The "Ideal" Way: Hierarchical Access
In ThingsDB, the preferred pattern for accessing data is through your own code logic. At InfraSonar, for example, we use a hierarchical structure for our Container type. Every container can have children, and we retrieve the entire tree starting from a .root container.
new_type('Container');
set_type('Container', {
name: 'str',
children: '{Container}',
get_containers: |this| {
// Recursively collect all containers in a set
this.children.reduce(|a, c| a |= c.get_containers(), set(this));
}
});
// Return a set with all containers via the root:
.root.get_containers();
The Problem: When type_all() is slow
There are scenarios where data isn't easily reachable through a single root, or where you simply need a flat list of every instance of a type. For this, ThingsDB provides type_all().
Historically, type_all() was designed for debugging and one-off migrations, not for high-frequency production code. This is because, internally, ThingsDB had to perform a full scan—looping through every single object in the collection to filter those that matched the requested type.
If you measure the performance, the difference is noticeable:
// Returns an object with `data` (the set) and `time` (execution time)
timeit(type_all('Container'));
Without Index (Full Scan):
{
"data": [..],
"time": 0.008419966
}
The Solution: Enabling the Type Index
You can now tell ThingsDB to maintain a dedicated index for a specific type. This moves the effort from the query time to the storage time, making retrievals incredibly fast.

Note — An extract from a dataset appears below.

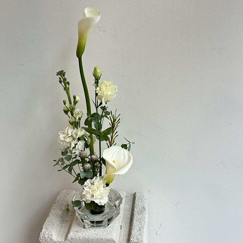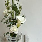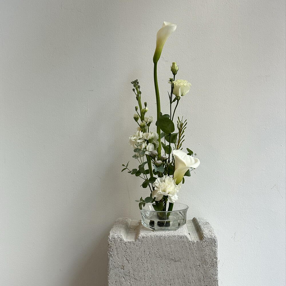 A gift set for stylish floral design: The set includes a small bouquet of fresh flowers, a kenzan and an elegant vasе. Kenzan is a trendy, minimalistic way to create floral arrangements in the Japanese style. It lets you easily put each stem just the way you like. This set is a perfect vombination of aesthetics, freshness, and creativity. Its more than just a bouquet — its an inspiring gift that sparks the imagination. You can specify the desired color scheme for the bouquet when making your order, or well be happy to confirm it with you in chat afterward.
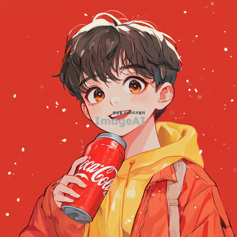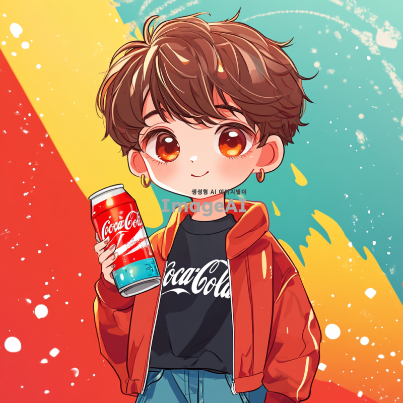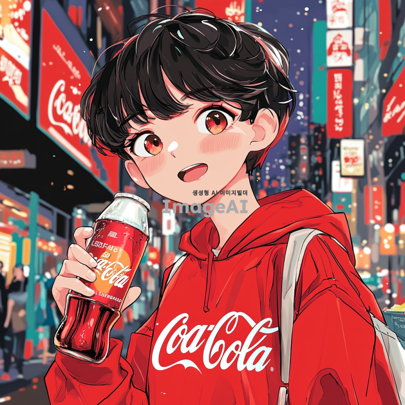 웹툰 스타일의 귀여운 남자아이, 코카콜라를 들고 있는 장면, 밝고 활기찬 분위기, 큰 눈과 미소를 가진 캐릭터, 생동감 있는 컬러 팔레트, 현대적인 의상과 배경, 청량감을 주는 요소들 포함.

You can enable this on an existing type:
// Enable the 'idx' flag on the Container type
mod_type('Container', 'idx', true);
Or, define it immediately upon creation using the IDX flag:
new_type('Container', IDX);
Performance Impact
Once indexed, running type_all('Container') no longer requires a full scan. ThingsDB simply returns the pre-populated set of instances.
With Type Index enabled:
{
"data": [..],
"time": 0.00014754
}
By enabling the index, the execution time dropped from 8.4 milliseconds to just 147 microseconds. This is a 57x speed improvement.

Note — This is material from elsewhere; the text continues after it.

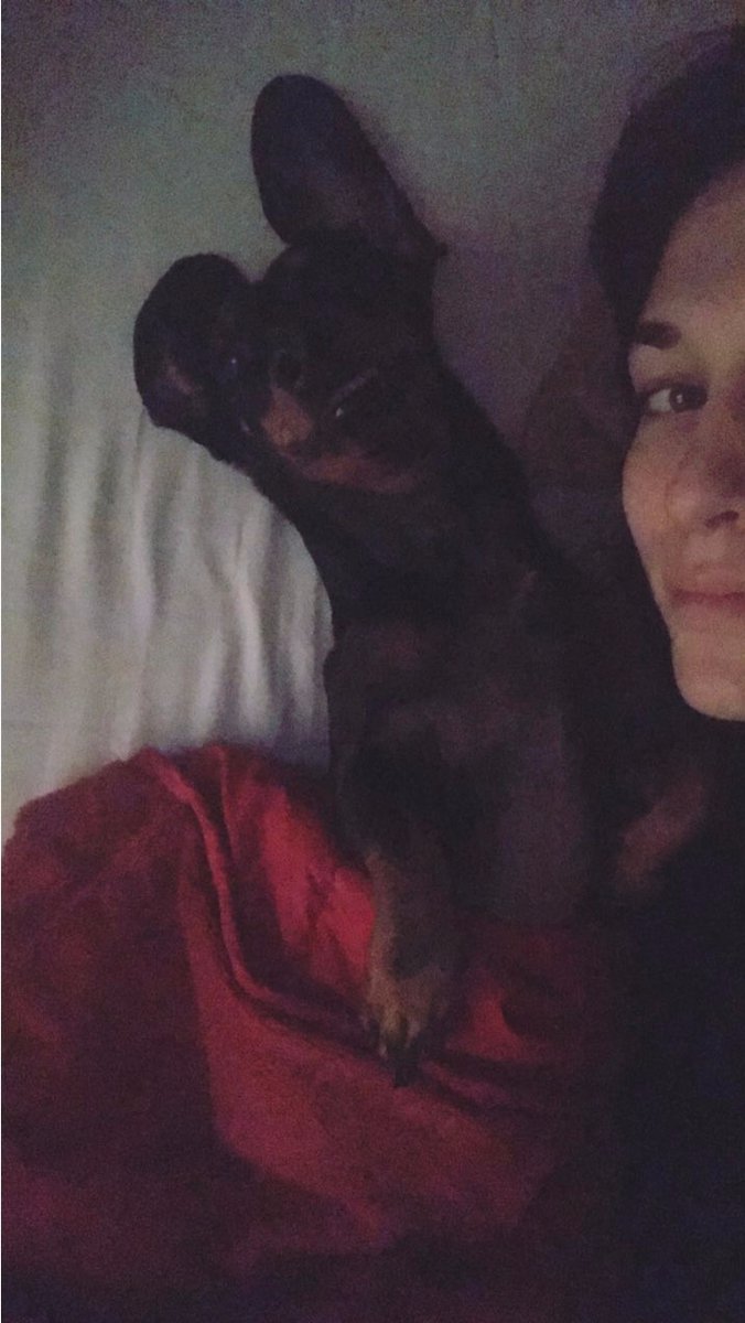 Ovog puta u njenom krevetu nije završio neko od pomenute dvojice već njen kućni ljubimac. Ona je otkrila na "Instagramu" da joj njen pas pravi društvo u postelji, a po njenom izrazu lice, rekli bismo, da je i posle ljubavnih brodoloma i te kako srećna.

Note: You might need to run the query twice to see the full effect. ThingsDB is "lazy" and typically starts building the index upon the first request after the flag is enabled.
Summary
While traversing your own data structures (like our .root example) remains the most "ThingsDB-native" way to work, the new IDX flag makes type_all() a viable and high-performance tool for your production toolset.